To calculate Derek's monthly mortgage payment, we can use the formula for a fixed-rate mortgage payment, which is given by:
\[ M = P \frac{r(1 + r)^n}{(1 + r)^n - 1} \]
Where:
- \( M \) = monthly payment
- \( P \) = principal loan amount (the amount borrowed)
- \( r \) = monthly interest rate (annual rate divided by 12)
- \( n \) = number of payments (loan term in months)
Given:
- \( P = 278,971.00 \)
- Annual interest rate = 4.34% = 0.0434
- Monthly interest rate \( r = \frac{0.0434}{12} = 0.00361667 \)
- Loan term = 30 years = \( 30 \times 12 = 360 \) months
Now we can plug these values into the formula:
\[ M = 278,971 \frac{0.00361667(1 + 0.00361667)^{360}}{(1 + 0.00361667)^{360} - 1} \]

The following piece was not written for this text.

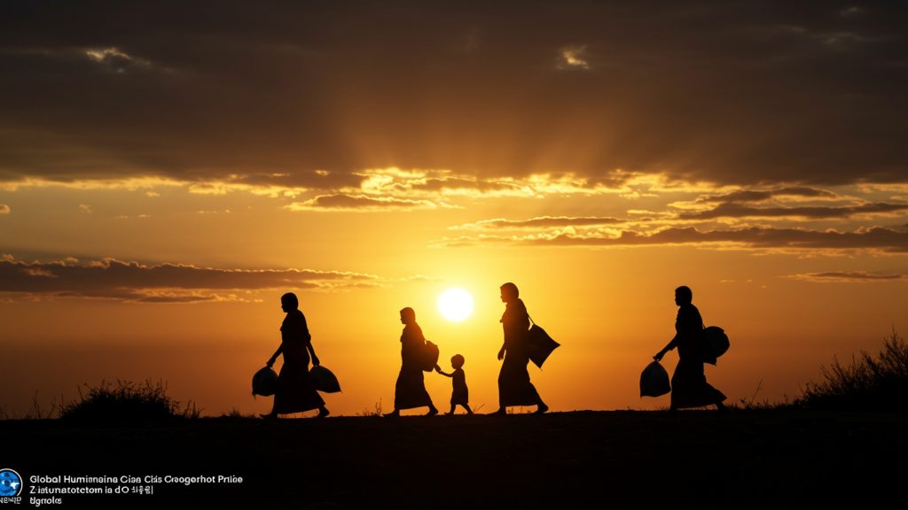 दुनिया भर में शरणार्थी समस्या के मानवीय पहलुओं और वैश्विक प्रभावों को दर्शाती एक मार्मिक तस्वीर।

Calculating \( (1 + r)^{360} \):
\[ (1 + 0.00361667)^{360} \approx 3.4748851 \]
Now, substituting this back into the formula:
\[ M = 278,971 \frac{0.00361667 \times 3.4748851}{3.4748851 - 1} \]
Calculating the numerator:
\[ 0.00361667 \times 3.4748851 \approx 0.0125582 \]
And the denominator:
\[ 3.4748851 - 1 \approx 2.4748851 \]
So:
\[ M = 278,971 \frac{0.0125582}{2.4748851} \approx 278,971 \times 0.0050757 \approx 1,415.41 \]
Thus, Derek's monthly mortgage payment is approximately $1,415.41.